To the baying delight of her audience in the hall, she dismissed those who disagreed as a ‘privileged elite’. Listening to the speech in my car outside Lidl, I learned that compassion for refugees was a ‘luxury belief’ which would be tolerated no longer.

Later in the week, I heard a journalist from Led By Donkeys recount telling Ms. Braverman that Rwanda, her proposed destination for refugees, had shot dead 12 asylum seekers in 2018. Initially unaware of the incident, she quickly rationalised it in non-luxury terms.

‘That was five years ago.
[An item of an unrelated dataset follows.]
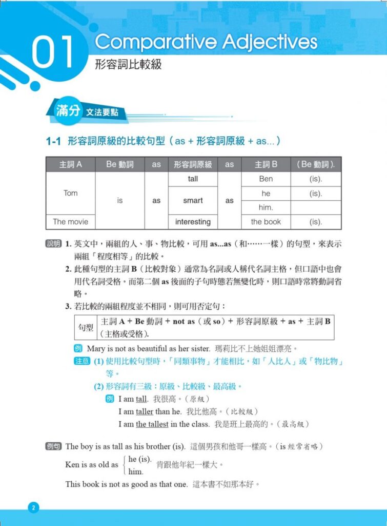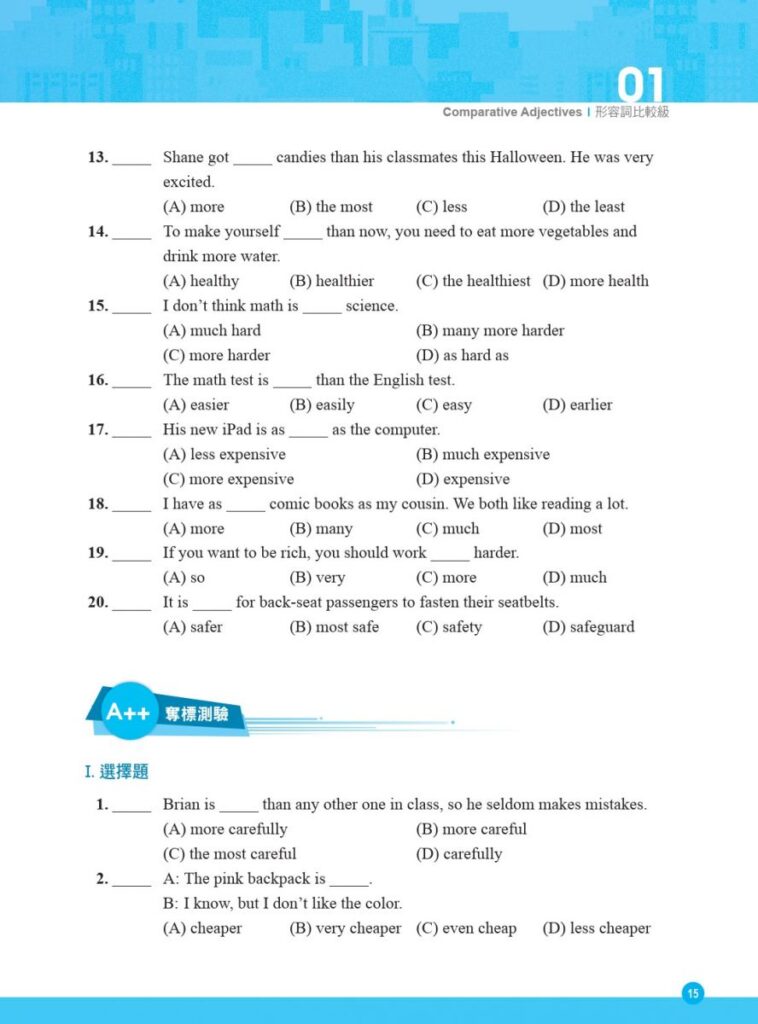 每個單元後有整合式的複習,包含選擇題、克漏字測驗、翻譯等等,整合式練習深化文法實力。

It’s 2023 now.’

The Conservatives remain over 20 points behind Labour in the polls.

Disgust

To thrive in modern politics, a candidate has to navigate not only the scrutiny of the press and the ballot box, but the ‘hurricane’, as Braverman might style it, of internet abuse that blows in the face of anybody who mounts a soap box.

The quantitative deficit between people who were willing to post a letter and those who will lob an abusive comment on social media is so great that it is throwing up mutant politicians.

Whilst a thick skin was always required in that game, the 21st century variant rewards those with no finer feelings to protect.

However the next election goes, you will be hearing from Braverman until either she or you is reading the great opinion column in the sky.

If not in power, she’ll be in opposition, and if that goes south, she’ll be in the media agitating for her own reemergence.

The mountains of disgust she will produce are a monetizable product for which you, one way or another, will be paying the bill.

It’s embarrassing, isn’t it?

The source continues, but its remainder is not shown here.